Second, I was never able to adapt well to the “running experiments” mode of ML experimentation - my working style is somewhat irregular, with lots of thinking punctuated by lots of coding. On the other hand, I think tremendous discipline is required to be a great ML experimentalist - it’s a constant loop of “come up with hypothesis” => “run experiment” => “get result of last experiment back” => “come up with new hypothesis”, often pipelined several stages deep. In ML research, you have a physical constraint (GPUs) and to be a good researcher you must get good experiment utilization out of it.

Overall, I ended up gravitating much more to “systems”. Not only was it an area that I thought played well to my strengths, I had always admired the impact of systems. Instead of needing to directly deliver the impact, you could instead improve the impact of thousands or millions of people by 5% instead!

This logic was also how I ended up maintaining the VSCodeVim extension for some time…

So, I ended up with my career plan - instead of directly working on advancing ML development, I would instead work on building infra to help others advance ML development. A bunch of other things happened in-between, but that’s how I ended up on PyTorch.

Why PyTorch is an amazing place to work

PyTorch’s Impact on the Industry

As the field (and money!) has exploded over the last 10 years, I think it’s easy to lose track of just how much impact PyTorch has had. Perhaps the most obvious tracker of the money in the field is Nvidia’s stock price, primarily driven by growth in server-side GPU sales.

I think it’s reasonable to guess that at least 75% of these GPUs are running some kind of PyTorch code.1 That’s insane. Nvidia has gained something like 3T dollars of market cap, and PyTorch was crucial for much of it.

Moreover, among the ML community broadly, PyTorch remains the lingua-franca. 59% of research papers tracked by Papers With Code use PyTorch (with 29% not using any ML framework), the vast majority of models on Huggingface (90%+?) are on top of PyTorch, and the most popular inference servers are also built on top of PyTorch (vllm and sglang).

Even at the leading AI labs, pretty much all of the companies using GPUs use PyTorch. OpenAI, Mistral, Deepseek, and Meta primarily use PyTorch (and GPUs). Anthropic also primarily uses PyTorch for GPUs, and xAI (which uses Jax for training on GPUs) also uses PyTorch for inference (through sglang)!

In high school, one of the things I feared most was that I would work on some project for 10 years and eventually realize that I’ve wasted my life improving something that nobody cared about. One of the greatest things about working on PyTorch is the certainty that I haven’t.

PyTorch’s Impact on Me

I’ve spent my entire career (thus far) on PyTorch, and so, outside of the overall impact of PyTorch, I want to talk about why I’ve enjoyed the day-to-day so much.

Mission Alignment

One of the greatest things about startups is “mission alignment”. Because so much of your comp is tied to equity upside, there’s no difference between “my coworker wildly succeeded” and “we all wildly succeeded”. On the other hand, at a large tech company, people’s compensation is primarily tied to their individual performance rating (and promos). So, if you start working on an approach, and somebody else comes up with a different approach that’s wildly successful (and supersedes yours), your performance rating is likely to suffer, and you probably won’t get promoted.
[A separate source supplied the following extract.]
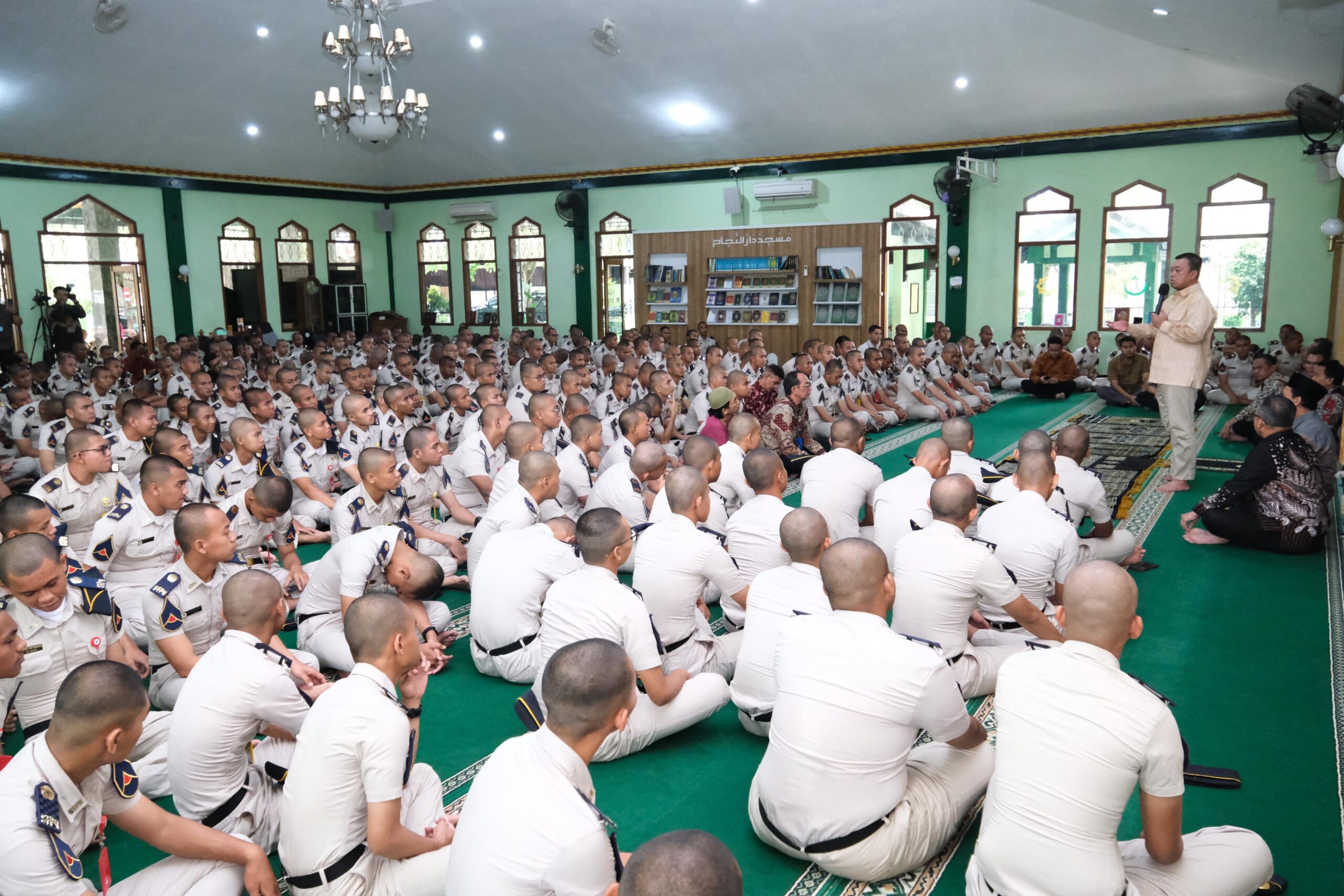 Menteri Nusron juga memberikan nasihat singkat kepada para taruna seusai beribadah di Masjid Darunnajah STPN.

At PyTorch however, many of the people on the project are mission aligned - they do genuinely care about the overall success of PyTorch and its impact on the ML ecosystem. I certainly wouldn’t say it’s 100% of people on the team, but it’s enough (especially among more senior folk) to make it a much more pleasant experience.

A True Commitment to Open-Source

Soumith (and other folks in leadership) have done an exceptional job in cultivating a culture where OSS is valued at Pytorch. There are many other projects that happen to be OSS, but you can often only get promoted and have impact through prioritizing internal projects. This isn’t true at PyTorch - I would say that I’ve spent my entire time here primarily focused on OSS impact, and I’ve been successful in terms of ratings and promotions. (Of course, there are other folks primarily focused on internal impact who have also been very successful).
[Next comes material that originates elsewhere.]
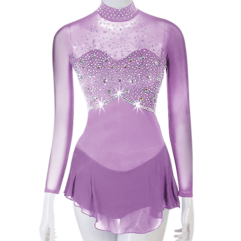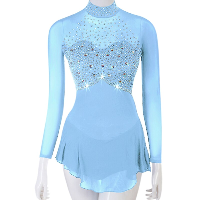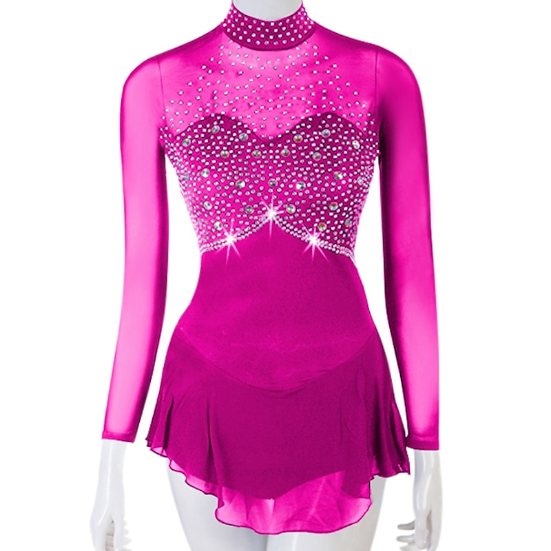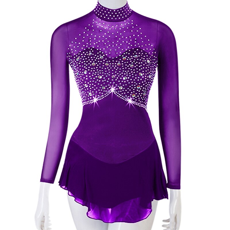 Figure Skating Dress Women's Girls' Ice Skating Dress Outfits Yellow Dark Red Dark Navy Patchwork Mesh Spandex High Elasticity Practice Professional Competition Skating Wear Crystal / Rhinestone 19

There are other aspects in which valuing OSS leads to a much healthier project.

Ungameable Impact

One phenomenon at large tech companies that I don’t really like is what I call “roadmap-driven adoption”. This is where two managers/directors/VPs get together, agree that X should be used (potentially killing other project Y), and then the adoption of a project is laid out in roadmaps of several teams.

While this certainly has its advantages (and in some cases is entirely necessary), I find that projects adopted this way are often … subpar. Moreover, it’s not uncommon for the success of these projects to be a facade - they continue as long as some VP is sponsoring the project, but eventually people get fed up with it, the VP loses a political fight, or the VP simply changes their mind. Basically, in roadmap-driven development, the most important component is convincing some “key stakeholders” that your project should be adopted.

On the other hand, OSS impact is truly a free market. Open source users couldn’t care less if Mark Zuckerberg is throwing his entire support behind a project. OSS users only care that 1. you’re solving a problem they have, and 2. They like using your software.

Mike Schroepfer (former CTO at Meta) provided a similar sentiment here. I can’t even imagine how hard it is to get “real” feedback as a CTO, where everybody you talk to knows that you can be single-handedly responsible for their promotion or bonus. OSS is refreshingly ungameable.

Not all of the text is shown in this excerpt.